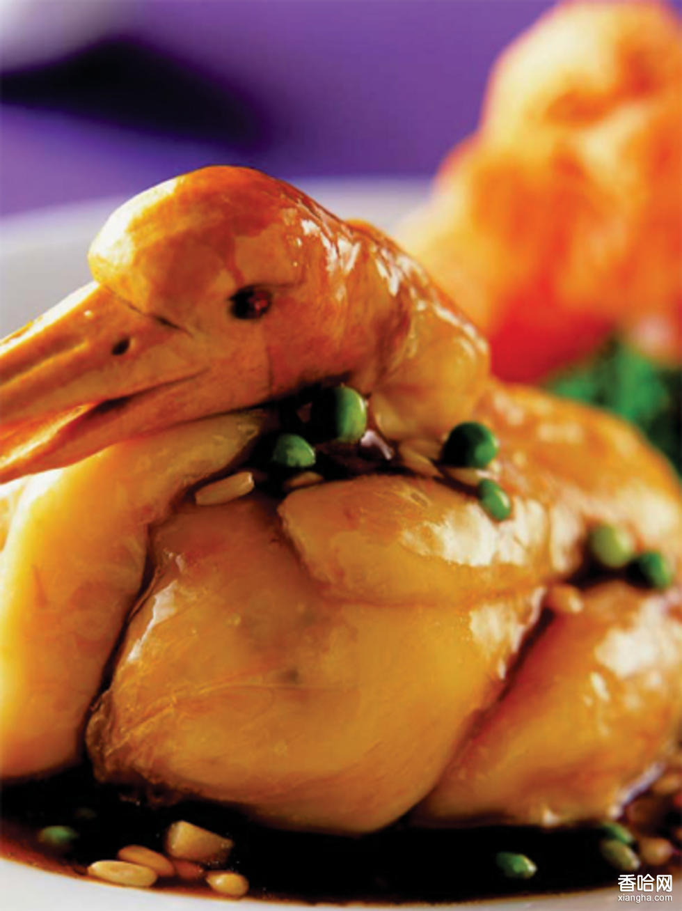 鞍山清蒸全鴨,是一道當(dāng)?shù)氐奶厣?。鴨形精巧,有骨有肉,紗布捆扎的痕跡酷似鴨皮,給人以真實感。鴨肉粑嫩,湯魚味美,清香四溢,令人垂涎。
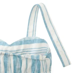 - Playful bow at center chest and wide legs. Elastic in the back bodice and button closure straps for an adjustable fit.
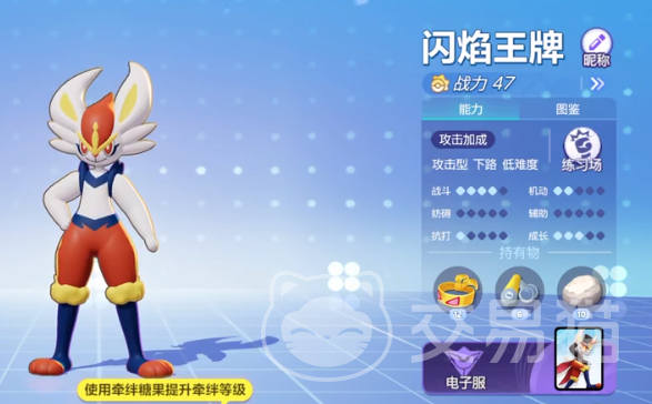 闪焰王牌是宝可梦大集结里面设定比较特殊的一个角色,这个角色自身的各项数值都非常优秀,加上这个角色的外观非常像一只兔子,很多人都想要操控这个角色加入战斗,但是就是不知道如何上手,其实想玩好闪焰王牌这个角色非常简单,角色本身是一个攻击型的宝可梦主打的是远距离的攻击,这就代表在对战的时候及时和对方保持较远的距离,也可以顺利击中对手,这种角色的设定非常适合新手玩家。
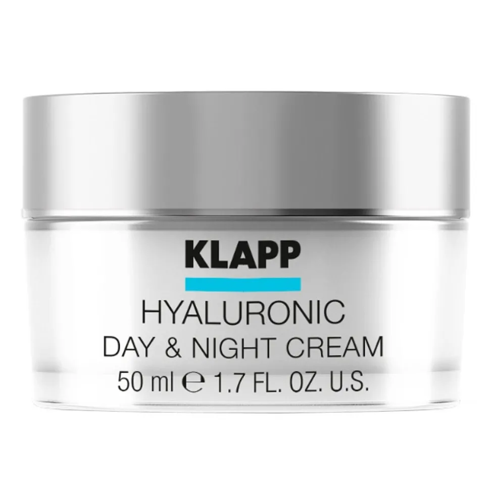 Die Klapp Cosmetics Hyaluronic Day & Night Cream ist eine intensiv hydratisierende Tag- & Nacht-Creme. 3-fach aktive Hyaluronsäurekomplexe wirken in einem intelligenten Mehrstufen-System und geben die Hyaluronsäure zeitversetzt in unterschiedliche Ebenen der oberen Haut ab. Kostbares Traubenkernöl, reich an Antioxidanzien, sowie Jojobaöl und Squalan vollenden diese Wirkstoff-Komposition. Die Haut wirkt optisch glatter, praller und straffer.
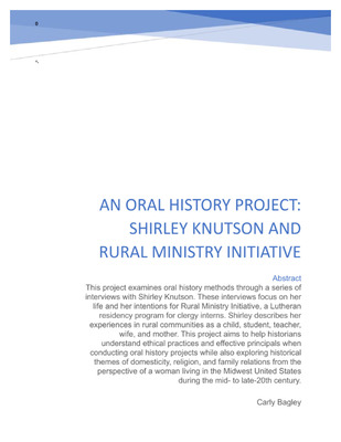 This project examines oral history methods through a series of interviews with Shirley Knutson. These interviews focus on her life and her intentions for Rural Ministry Initiative, a Lutheran residency program for clergy interns. Shirley describes her experiences in rural communities as a child, student, teacher, wife, and mother. This project aims to help historians understand ethical practices and effective principals when conducting oral history projects while also exploring historical themes of domesticity, religion, and family relations from the perspective of a woman living in the Midwest United States during the mid- to late-20th century.
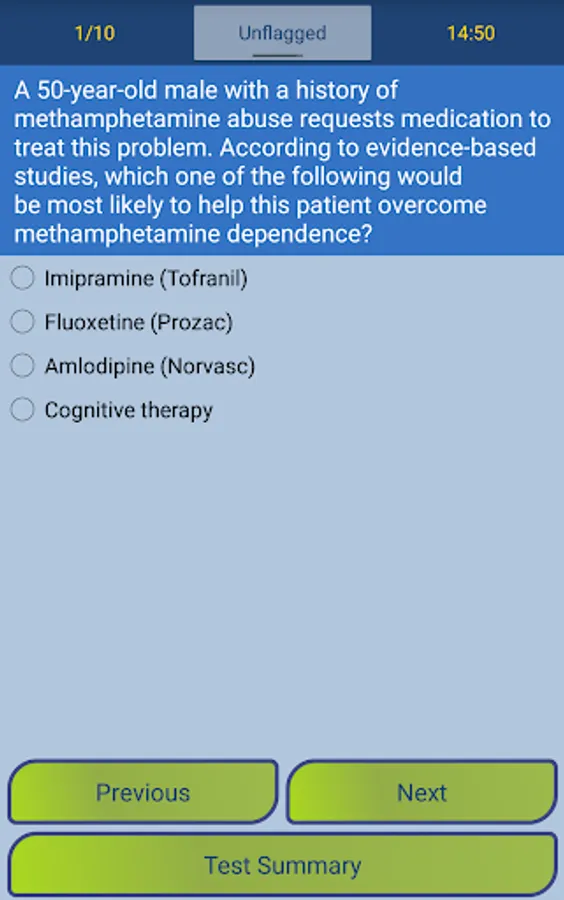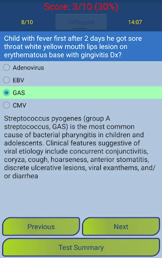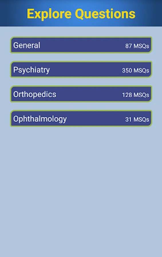 Also, you can go over all questions of a specialty with the ability to see the correct answer and explanation.
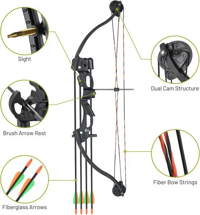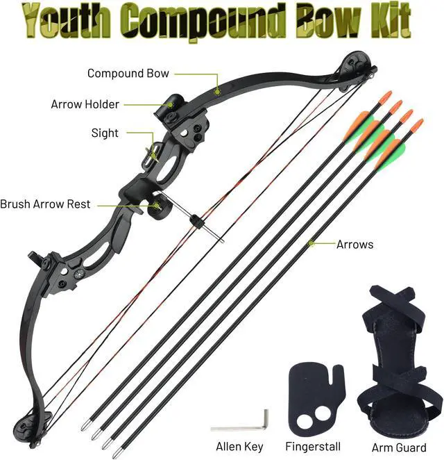 - Designed for Youth - 34" Youth Compound Bow Kit includes a complete compound bow, 4 arrows, fingerstall and arm guard; Right-handed bow with lightweight & simple design for easy learning, ideal for kids, teenagers and beginners aged over 15 to practice shooting, which can help them to develop interests and improve attention
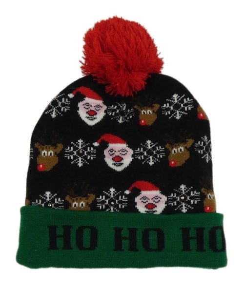 Černo-tmavozelená pletená vánoční čepice se Sandy a soby a žárovičkami a bambulí
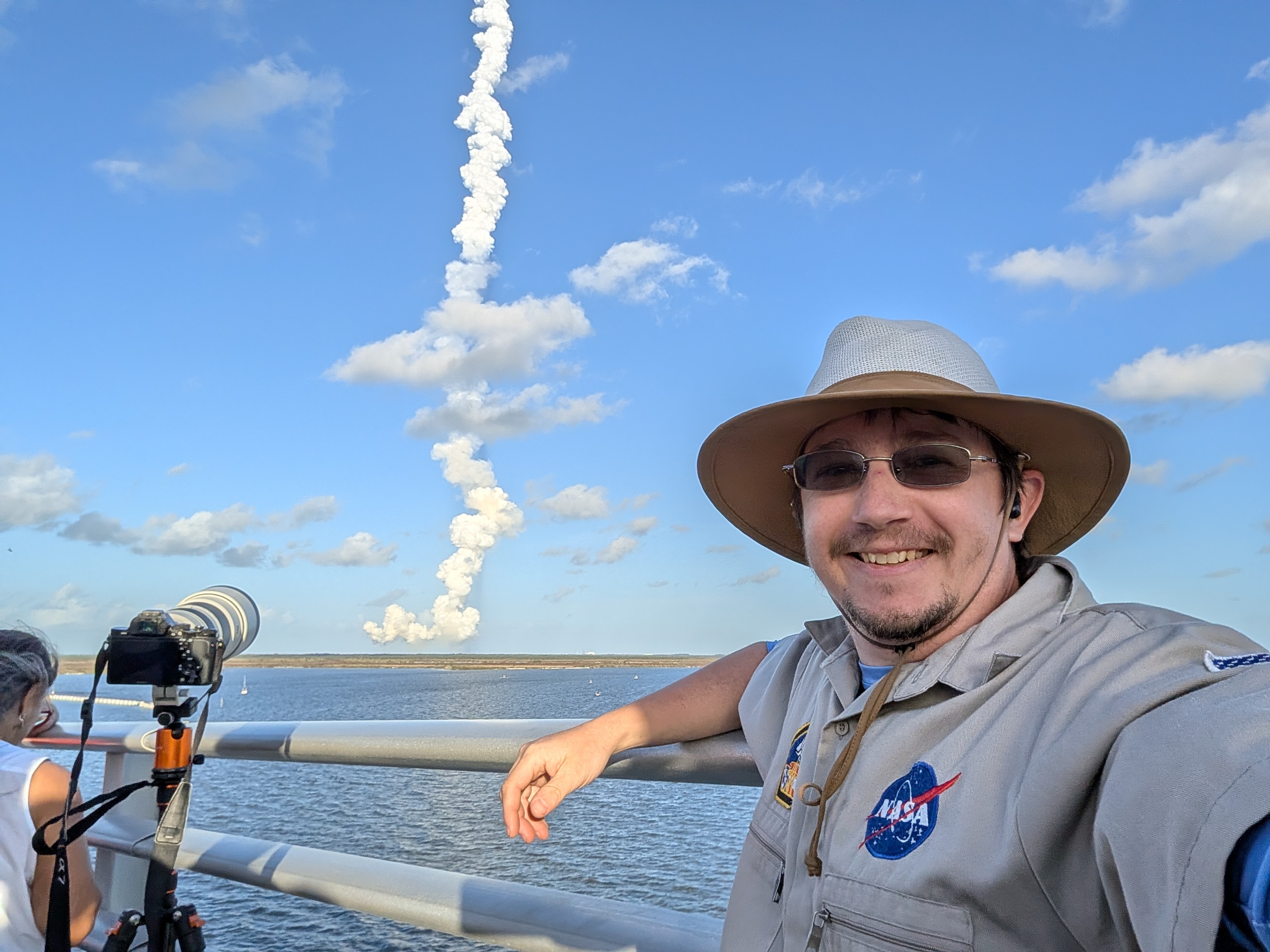 After launch, the eastward trajectory meant we weren’t able to see the booster separation from our location as the smoke plume sat between us and the rocket. Of course, I couldn’t resist getting a selfie with the rocket plume.
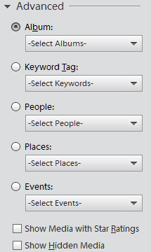 - 星の数でメディアを表示:写真またはビデオの星の数により、メディアを並べ替えて表示します。
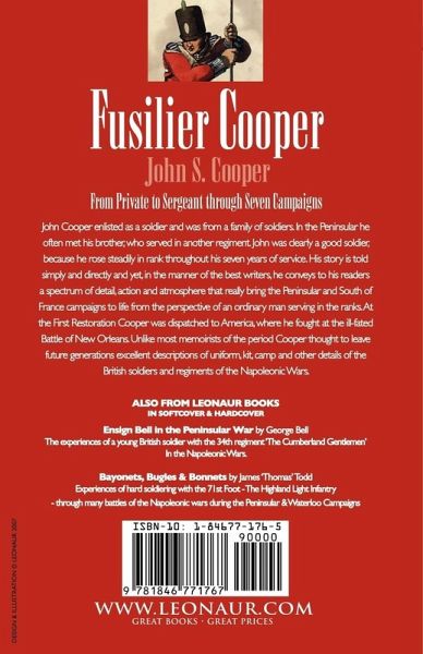 FUSILIER COOPER. Private to Sergeant through seven campaigns. John Cooper enlisted as a soldier and was from a family of soldiers. In the Peninsular he often met his brother, who served in another regiment. John was clearly a good soldier, because he rose steadily in rank throughout his seven years of service. His story is told simply and directly and yet, in the manner of the best writers, he conveys to his readers a spectrum of detail, action and atmosphere that really bring the Peninsular and South of France campaigns to life from the perspective of an ordinary man serving in the ranks. At the First Restoration Cooper was dispatched to America, where he fought at the ill-fated Battle of New Orleans. Unlike most memoirists of the period Cooper thought to leave future generations excellent descriptions of uniform, kit, camp and other details of the British soldiers and regiments of the Napoleonic Wars.
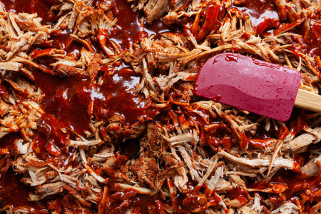 Homemade pulled pork with red silicone spatula and barbecue sauce on top of it, top view
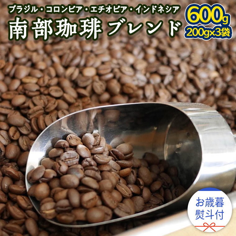 【 お歳暮 熨斗付 】 南部珈琲 ブレンド 200g × 3袋 ギフトセット コーヒー豆 600g コーヒー ブレンド 焙煎 人気 新鮮 贈り物 贈答 プレゼント
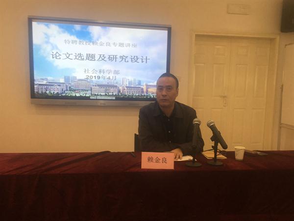 受聘仪式结束后,赖金良作了《论文选题及研究设计》专题讲座。他结合自身多年的社会科学研究经历,从如何找到一个有意义的值得研究的问题、如何找到一个适合自己的有条件展开研究的问题和如何对问题进行精准界定等3个方面,进行了深入浅出的阐释,并对青年思政教师的课题研究项目进行了现场指导和帮助。
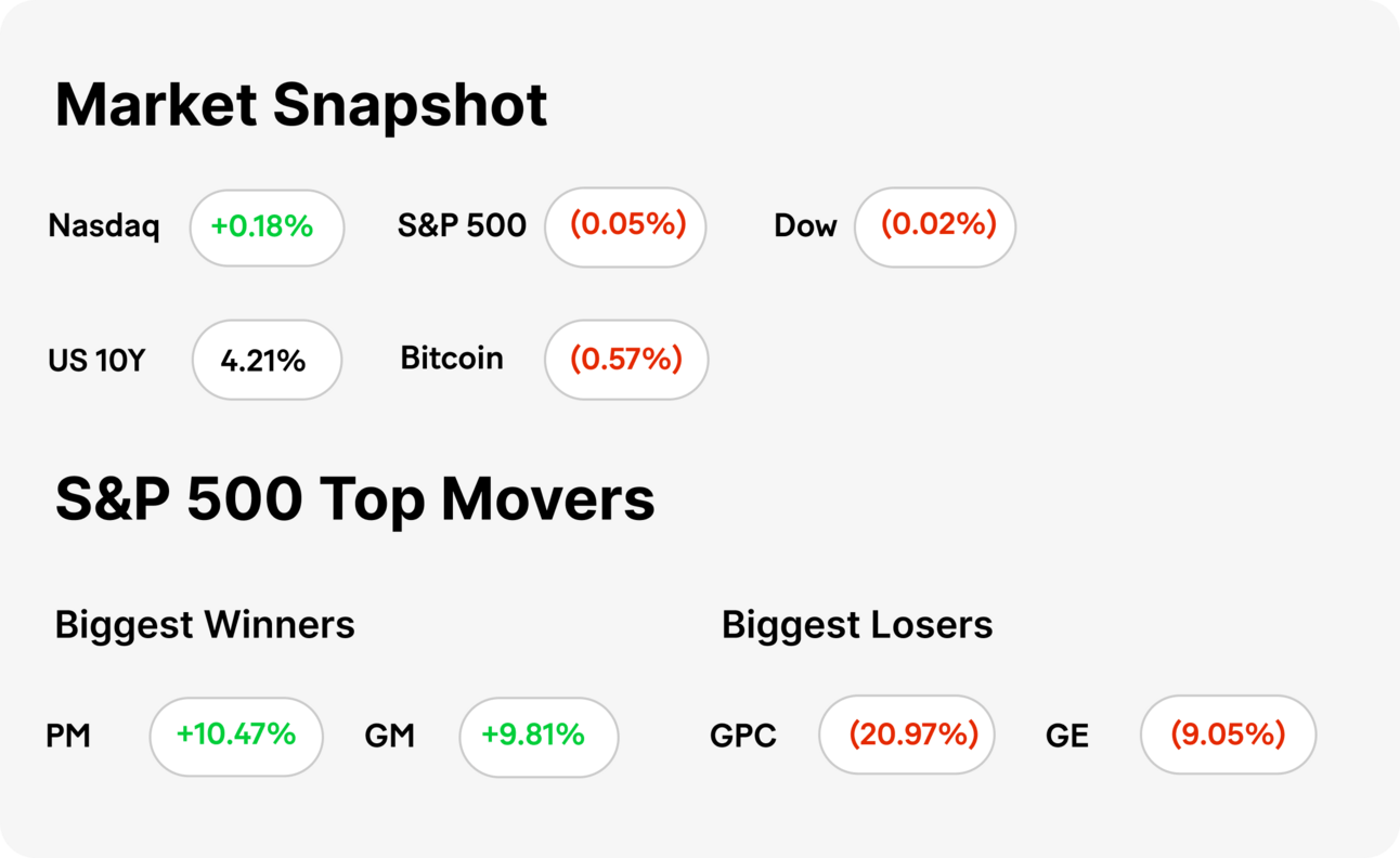MARKET RECAP → Stocks edged up slightly on Tuesday, recovering from earlier losses as investors weighed ongoing concerns about rising interest rates while sifting through this week’s earnings reports.
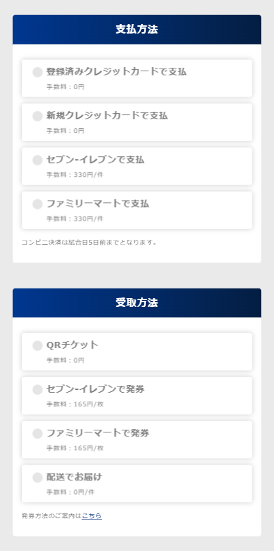 チケットの販売方法や種類、試合日までの日数などによって、支払・受取方法は限定される場合があります。
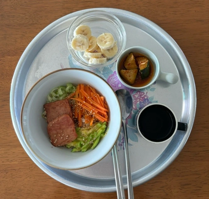 전자레인지 돌린 밥에 노릇하게 구워둔 스팸 세장을 예쁘게 둘러준다. 스팸에 적당한 기름기가 있으므로 참기름은 생략한다. 통깨 조금 뿌려주고.
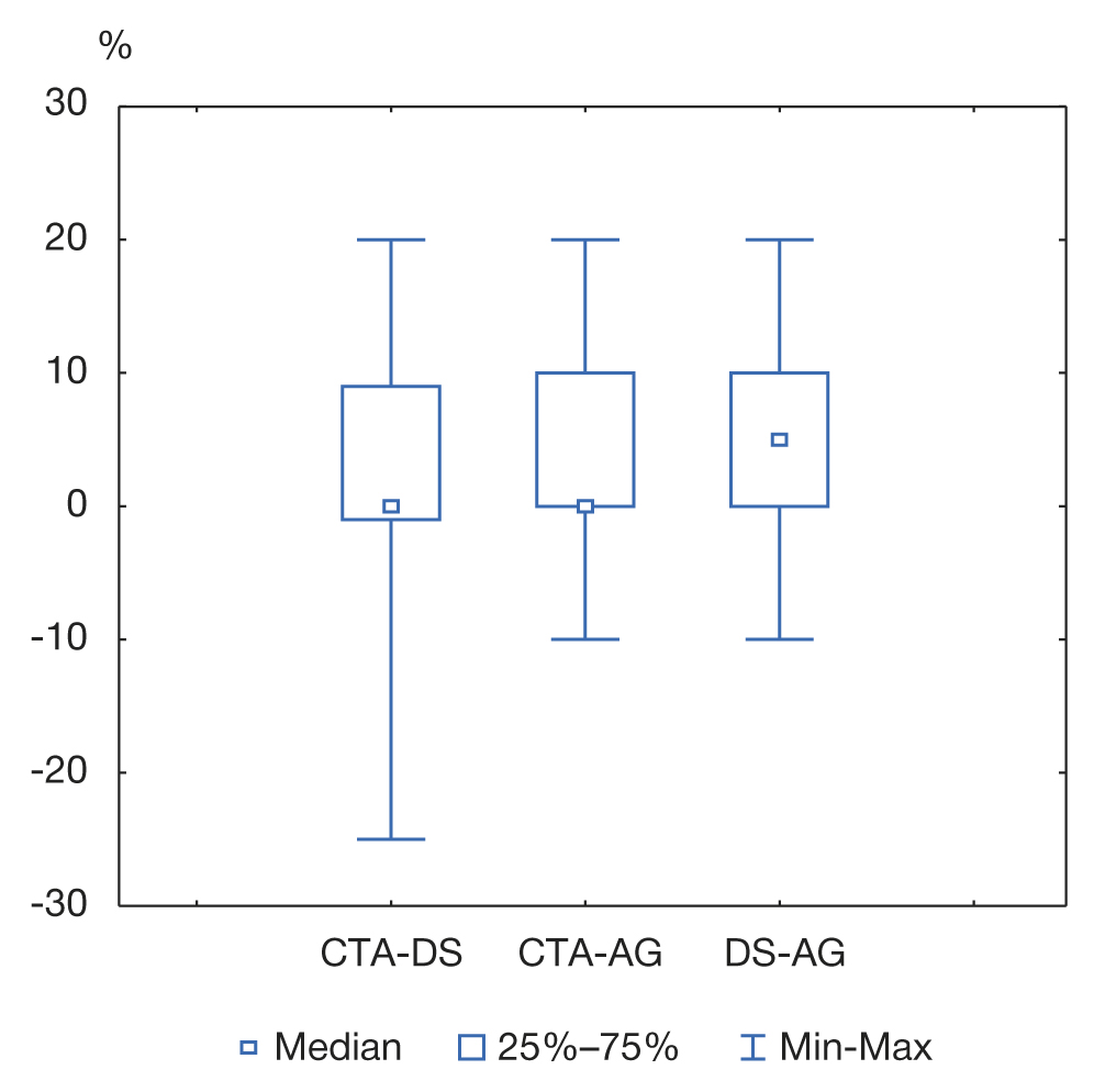 The comparative analysis also included the data on the differences observed when assessing the percentage of stenosis in the orifices of the internal carotid arteries when using two of the three methods (if any). The main analysis of discrepancies was carried out in groups: the percentage of stenosis according to CTA data minus the percentage of stenosis according to DS data (CTA-DS) and the percentage of stenosis according to DS data minus the percentage of stenosis according to AG data (DS-AG).
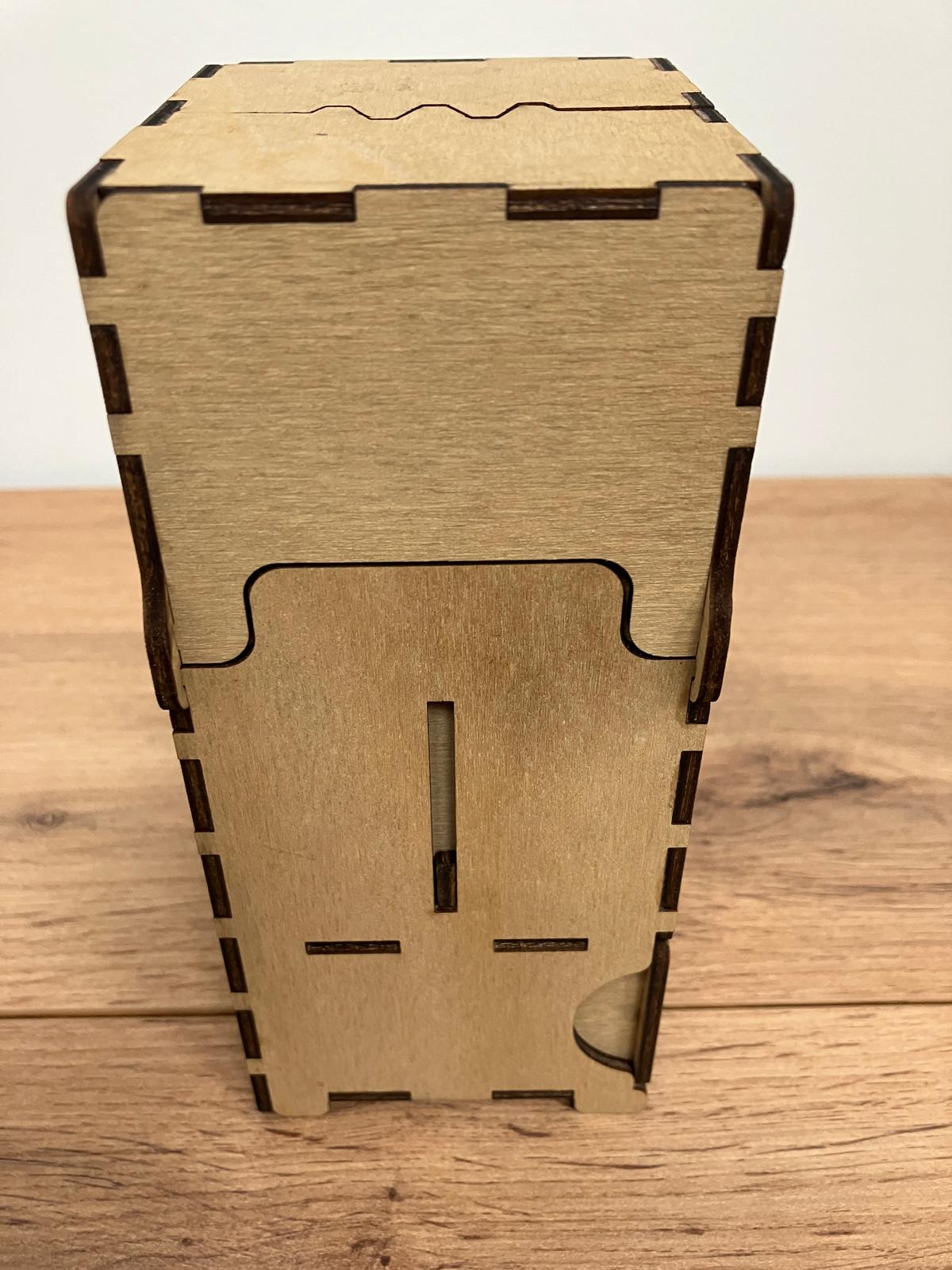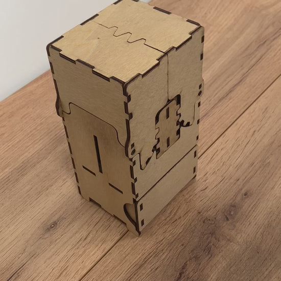 Wooden Gear Box with integrated drawer. Beautifully designed box that lifts the central box up and down by a simple but effective ratchet system. Then holds it in place until you want to gently lower it back and close the it up. Also come with a small drawer to store smaller items, like tokens or dice. Comes in a selection of different colours and is made from 3mm sustainable poplar plywood. If you would like to add a personal touch please let me know and I'm sure I can accommodate your request. Box comes fully assembled and ready to hold whatever you wish.

------------------------------------

Problem to solve - Starting at the line that contains "전자레인지 돌린 밥에", retype each line through the final one in the listing, with both ends kept and the pictures omitted.

Answer for this exercise -
 전자레인지 돌린 밥에 노릇하게 구워둔 스팸 세장을 예쁘게 둘러준다. 스팸에 적당한 기름기가 있으므로 참기름은 생략한다. 통깨 조금 뿌려주고.
 The comparative analysis also included the data on the differences observed when assessing the percentage of stenosis in the orifices of the internal carotid arteries when using two of the three methods (if any). The main analysis of discrepancies was carried out in groups: the percentage of stenosis according to CTA data minus the percentage of stenosis according to DS data (CTA-DS) and the percentage of stenosis according to DS data minus the percentage of stenosis according to AG data (DS-AG).
 Wooden Gear Box with integrated drawer. Beautifully designed box that lifts the central box up and down by a simple but effective ratchet system. Then holds it in place until you want to gently lower it back and close the it up. Also come with a small drawer to store smaller items, like tokens or dice. Comes in a selection of different colours and is made from 3mm sustainable poplar plywood. If you would like to add a personal touch please let me know and I'm sure I can accommodate your request. Box comes fully assembled and ready to hold whatever you wish.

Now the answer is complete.